3.2. DNA Methylation

The addition of methyl groups to the cytosine CpG island of DNA is the most studied mechanism to regulate different processes, including chromosomal stability, genomic imprinting and X-chromosome inactivation [43]. DNA methylation is carried out primarily by three conserved enzymes in mammals: DNA methyltransferases (DNMT) 1, 3a and 3b [54], with different functions. DNMT1 maintains the methylation patterns during DNA replication and is expressed in somatic tissues and proliferating cells [55]. DNMT3a and 3b are de novo methyltransferases, and alternative transcripts with different functions are present in humans and mice [56]. As shown in Figure 4, DNMT adds methyl groups in the CpG island of promoter gene, preventing the RNA polymerase union and repressing the gene expression.

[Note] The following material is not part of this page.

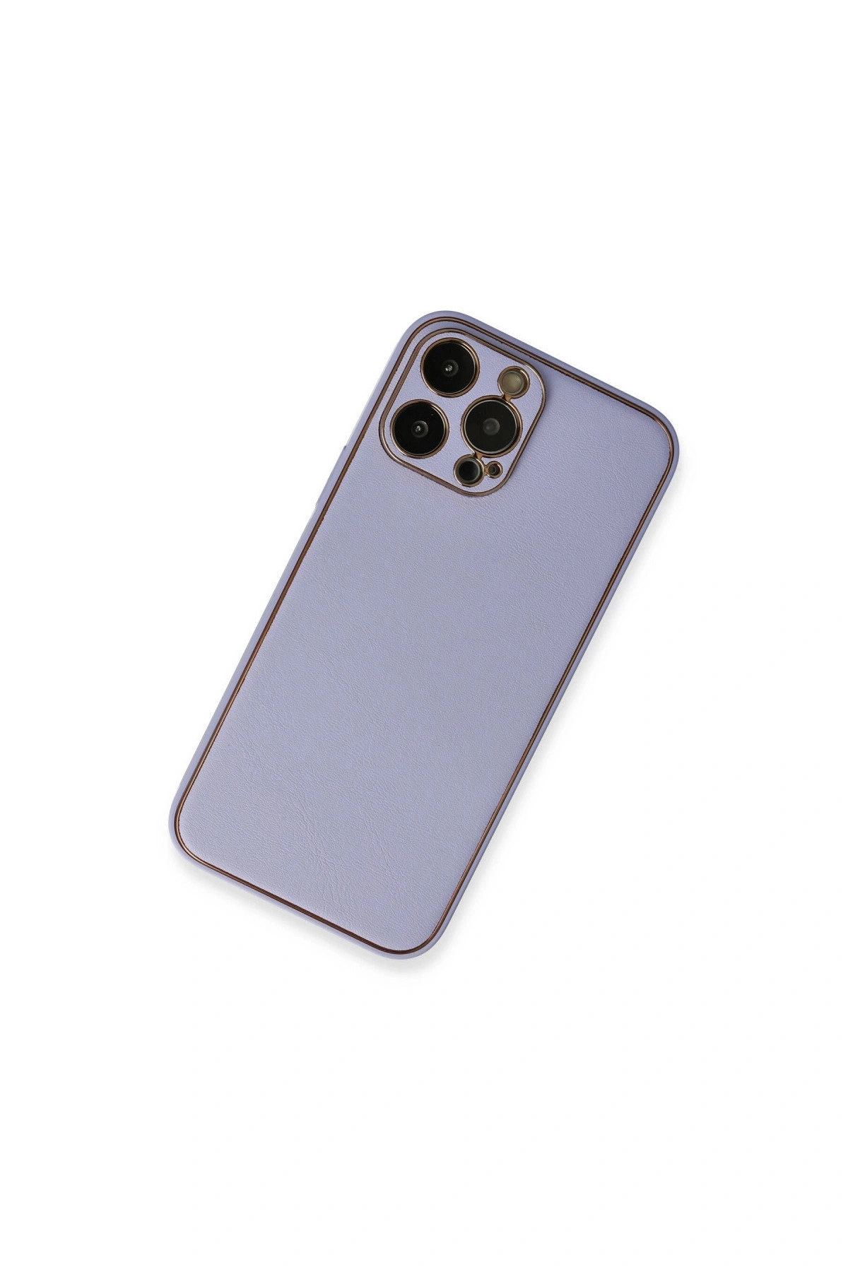 İphone 13 Pro Max Kılıf Coco Deri Silikon Kapak - Açık Lila

The relationship between DNA methylation aberrations and cancer has already been demonstrated in humans (see review [58]). Hypomethylation of several regions provokes the expression of oncogenes, whereas hypermethylation favours the development of cancer through the silencing of tumour suppressor genes. In dogs, the relationship between hypomethylation in genomic regions has been shown in canine leukaemia and lymphoma, where 30 and 69% of cases, respectively, were found. They are related to early phases of tumour transformation and progression [59]. In canine skin tumours, hypomethylation has been correlated to aggressiveness [60]. Hypomethylation has been found in canine osteosarcoma and lung cancer [61], whereas hypermethylation has been related to lymphoma [62], melanoma [63] and leukaemia [64], among other canine tumours, including canine mammary tumours. For example, hypomethylation of the intron region of the PAX6 motif of CDH2 and ADAM19 genes and hypermethylation at the PAX5 motifs in the intron regions of CDH5 and LRIG1 genes have been related to breast cancer [65].

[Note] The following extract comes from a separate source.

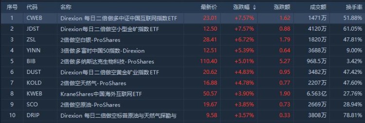 从ETF涨幅榜来看,涨幅居前的ETF集中在做空黄金、做多生物技术以及做多中国互联网等方面。其中,每日二倍做多中证中国互联网指数ETF $CWEB 和每日二倍做空小型金矿指数ETF $JDST 均涨超7%;2倍做空白银 $ZSL 涨6.72%,成交额1820万美元;

Different GWAS (genome-wide association studies) have been carried out with relevant results. Specifically, in gastrointestinal lymphoma, 773 CpG islands are methylated, including promoter regions of 61 genes, including homeobox genes [66], whereas in high-grade B-cell lymphoma, Hsu et al., (2021) found 14 specific hypermethylated genes in samples of sick dogs but not in healthy dogs [67]. In canine diffuse large B-cell lymphoma, 1194 target loci are hypermethylated, including HOX, BMP and WNT genes, in promoter, 5′-UTRs upstream and exonic regions [68]. Hypomethylation in several regions and genes has been correlated with CML. Specifically, in dogs with NHL, higher DNA hypomethylation has been observed in circulating leukocytes [69].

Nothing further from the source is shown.